Evaluate the integral. (Remember to use absolute values where appropriate. Use \( C \) for the constant of integration. \[ \int \frac{8}{(x-1)(x+7)} d x \]

To evaluate the integral \[ \int \frac{8}{(x-1)(x+7)} \, dx, \] we can use partial fraction decomposition. We first express the integrand as: \[ \frac{8}{(x-1)(x+7)} = \frac{A}{x-1} + \frac{B}{x+7}, \] where \( A \) and \( B \) are constants we need to solve for.

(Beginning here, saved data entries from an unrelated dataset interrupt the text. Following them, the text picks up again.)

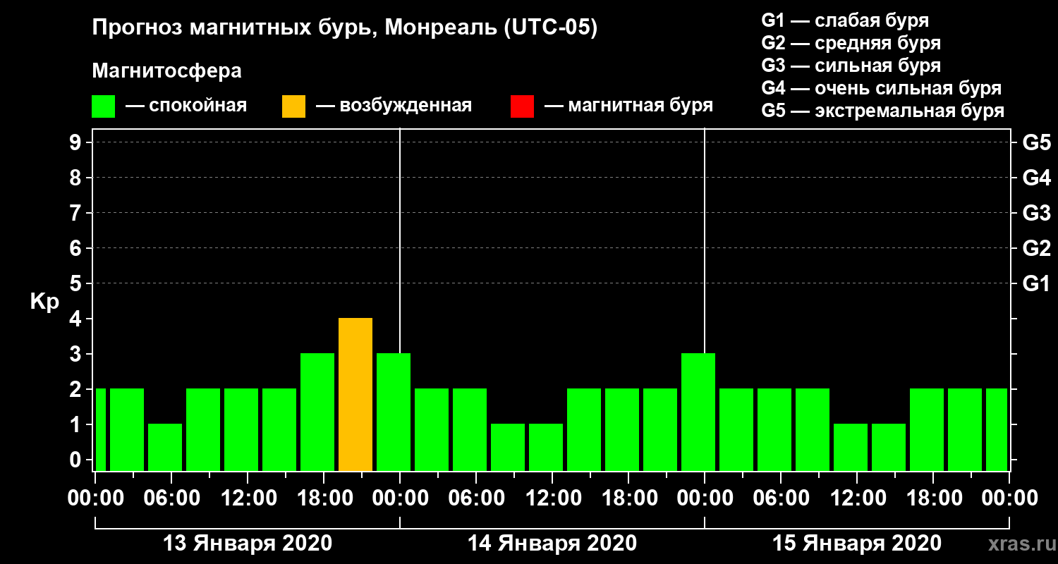 Прогноз магнитных бурь в Монреале — 13 января 2020 года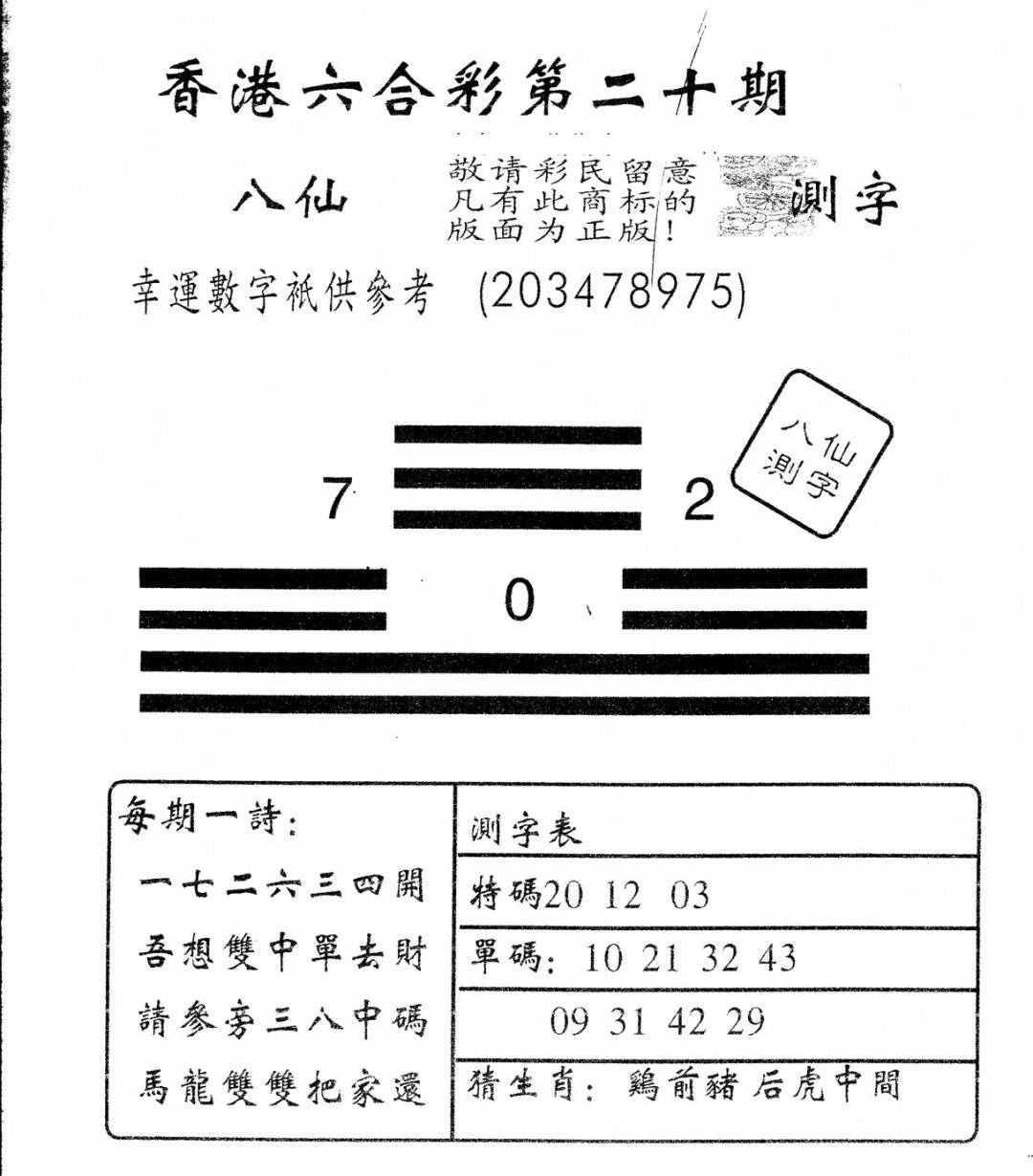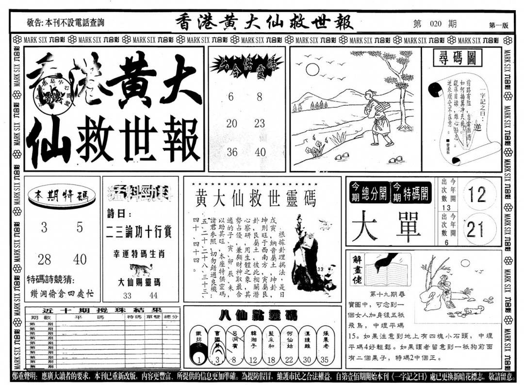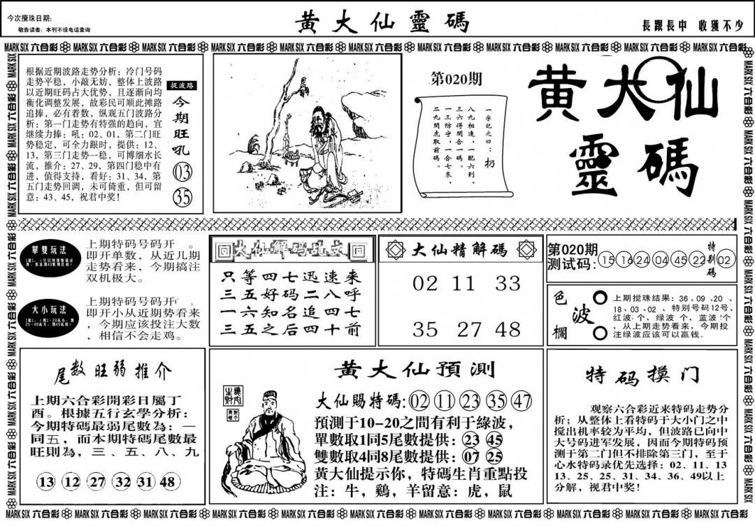 另版黄大仙灵码A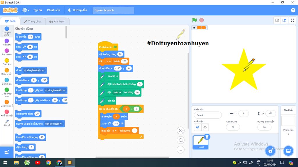Cách vẽ ngôi sao 5 cánh trong scratch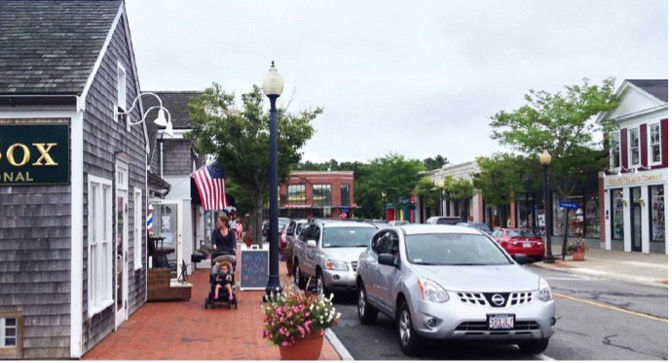 De bovenste foto toont Mashpee Commons (Massachusetts), een nieuw kleinschalig centrum in een suburb en de onderste foto toont Storrs (Connecticut), een nieuw winkelcentrum in dichter bebouwd gebied. Beide centra zijn in de plaats gekomen van afgebroken malls.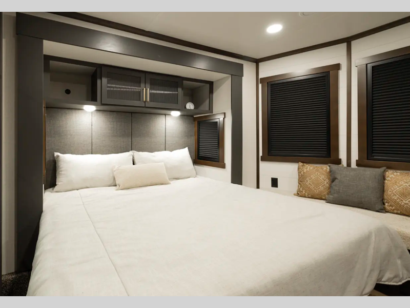 The 101" wide body frame provides a rock-solid base for your adventures, while the AlphaPly TPO roof membrane offers uncompromising durability and weather protection. Inside, the residential-style dovetail design gives a sleek, modern aesthetic, complemented by self-closing drawers and hidden hinge cabinet doors that exude refined elegance. Plus, the vinyl floor covering is effortlessly easy to clean and maintain.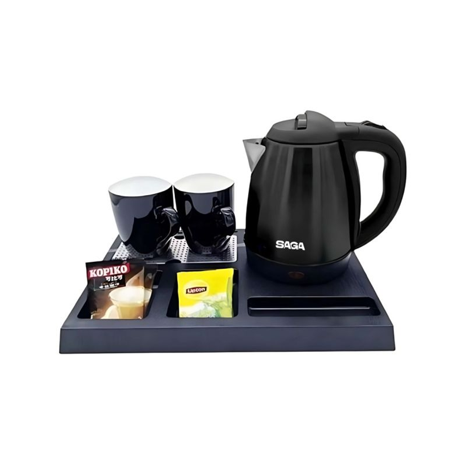 ساجا طقم غلاية كهربائية 1350 واط مع صينية وكوبين – أسود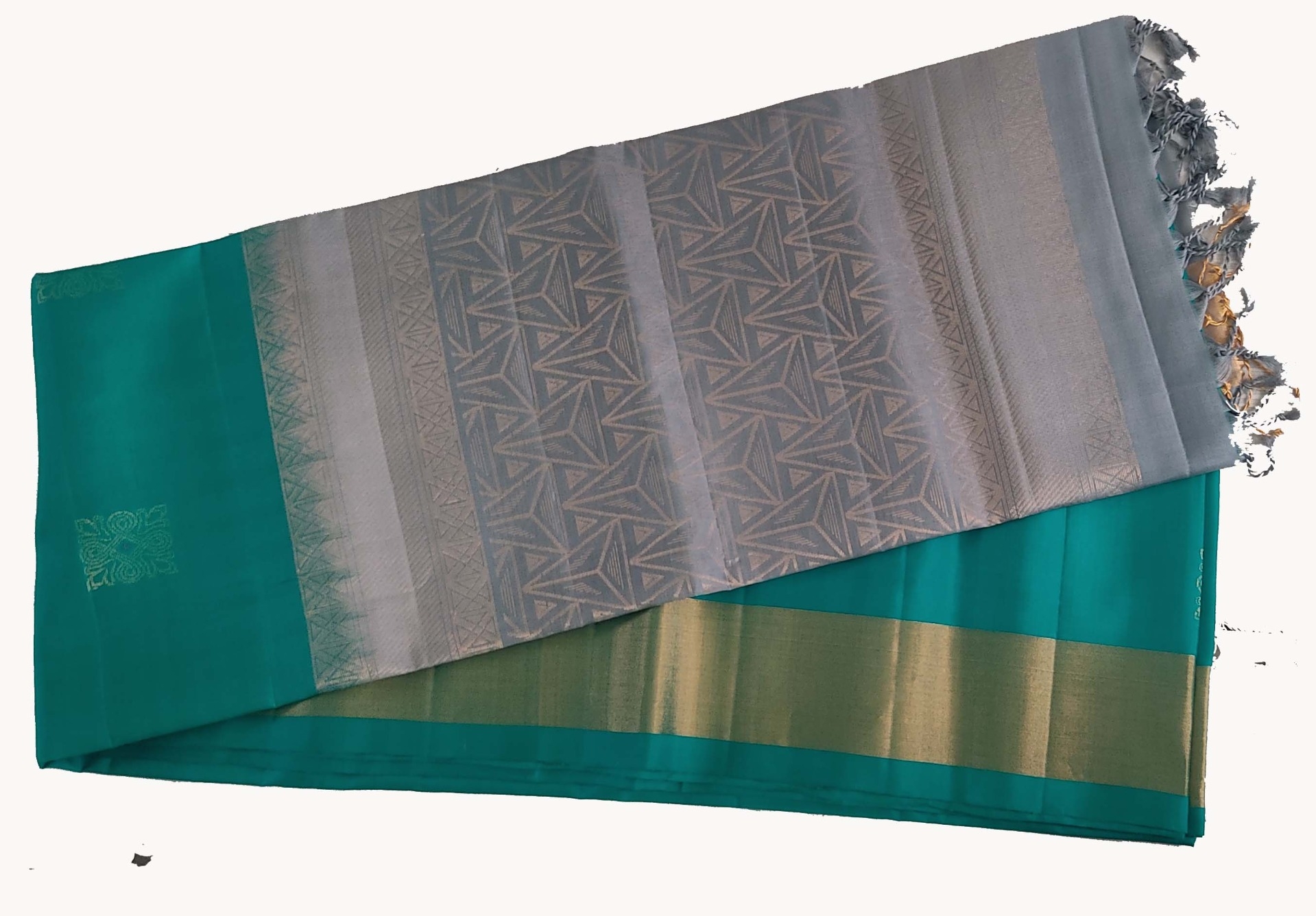 The Covai Silk Saree is also known as Soft Silk Sarees which are woven in Coimbatore district of Tamilnadu. In this Saree variety instead of gum, plain water is applied and rubbed thoroughly by the weaver to get the soft handle with improved luster on the saree. These Sarees are woven with large floral contemporary designs with fancy colors. As the name implies these Sarees are very soft handle and light weight which makes the wearer so comfortable.

Multiplying through by the denominator \( (x-1)(x+7) \) gives: \[ 8 = A(x+7) + B(x-1). \] Expanding the right-hand side, we have: \[ 8 = Ax + 7A + Bx - B = (A + B)x + (7A - B). \] To satisfy this equation for all \( x \), the coefficients of \( x \) must match and the constant terms must match: 1. \( A + B = 0 \) 2. \( 7A - B = 8 \) From the first equation, we can express \( B \) in terms of \( A \): \[ B = -A. \] Substituting \( B = -A \) into the second equation gives: \[ 7A - (-A) = 8 \implies 7A + A = 8 \implies 8A = 8 \implies A = 1. \] Now substituting \( A = 1 \) back to find \( B \): \[ B = -1. \] Thus, we have: \[ \frac{8}{(x-1)(x+7)} = \frac{1}{x-1} - \frac{1}{x+7}. \] Now we can integrate each term separately: \[ \int \frac{8}{(x-1)(x+7)} \, dx = \int \left( \frac{1}{x-1} - \frac{1}{x+7} \right) \, dx. \] This gives: \[ = \int \frac{1}{x-1} \, dx - \int \frac{1}{x+7} \, dx = \ln |x-1| - \ln |x+7| + C. \] Using the properties of logarithms, we can combine these terms: \[ = \ln \left| \frac{x-1}{x+7} \right| + C. \] Finally, the evaluated integral is: \[ \int \frac{8}{(x-1)(x+7)} \, dx = \ln \left| \frac{x-1}{x+7} \right| + C. \]